Each line of the data below between the one containing "Rower elektryczny ENGWE" and the one containing "网上阅卷,如果把答案答有效区", both included, is to be repeated exactly. Please omit pictures.

(RECORD EXTRACTS)
┄┄┄┄┄┄┄┄┄┄

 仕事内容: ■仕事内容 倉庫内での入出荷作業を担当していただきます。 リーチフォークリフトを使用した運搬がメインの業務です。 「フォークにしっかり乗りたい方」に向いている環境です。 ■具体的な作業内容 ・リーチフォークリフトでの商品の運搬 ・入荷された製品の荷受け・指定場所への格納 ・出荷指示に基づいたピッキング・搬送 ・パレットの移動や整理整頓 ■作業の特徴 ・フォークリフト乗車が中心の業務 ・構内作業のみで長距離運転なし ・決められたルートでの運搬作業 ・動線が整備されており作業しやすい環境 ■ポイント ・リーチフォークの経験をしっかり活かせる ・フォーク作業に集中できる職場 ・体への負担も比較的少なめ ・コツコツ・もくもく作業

┄┄┄┄┄┄┄┄┄┄

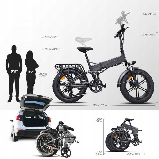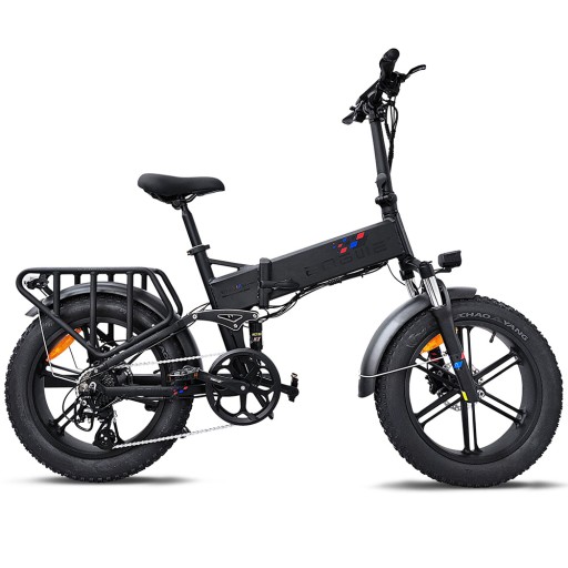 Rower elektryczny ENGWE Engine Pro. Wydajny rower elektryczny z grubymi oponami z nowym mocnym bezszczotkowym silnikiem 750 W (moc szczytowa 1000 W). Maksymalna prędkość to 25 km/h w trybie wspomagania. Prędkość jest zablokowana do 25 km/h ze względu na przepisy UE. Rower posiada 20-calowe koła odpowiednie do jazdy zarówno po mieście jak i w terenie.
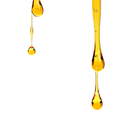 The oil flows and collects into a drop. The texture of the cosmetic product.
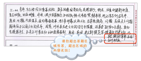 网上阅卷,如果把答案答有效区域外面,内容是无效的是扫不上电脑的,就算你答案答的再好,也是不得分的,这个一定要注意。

┄┄┄┄┄┄┄┄┄┄

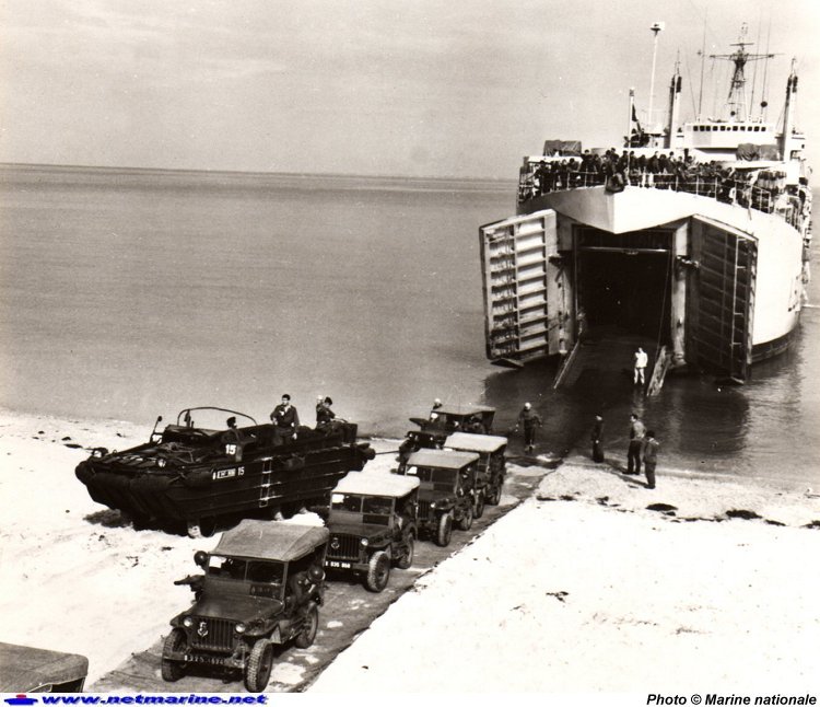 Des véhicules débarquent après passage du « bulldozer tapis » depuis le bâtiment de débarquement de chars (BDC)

┄┄┄┄┄┄┄┄┄┄

(RESULT)
 Rower elektryczny ENGWE Engine Pro. Wydajny rower elektryczny z grubymi oponami z nowym mocnym bezszczotkowym silnikiem 750 W (moc szczytowa 1000 W). Maksymalna prędkość to 25 km/h w trybie wspomagania. Prędkość jest zablokowana do 25 km/h ze względu na przepisy UE. Rower posiada 20-calowe koła odpowiednie do jazdy zarówno po mieście jak i w terenie.
 The oil flows and collects into a drop. The texture of the cosmetic product.
 网上阅卷,如果把答案答有效区域外面,内容是无效的是扫不上电脑的,就算你答案答的再好,也是不得分的,这个一定要注意。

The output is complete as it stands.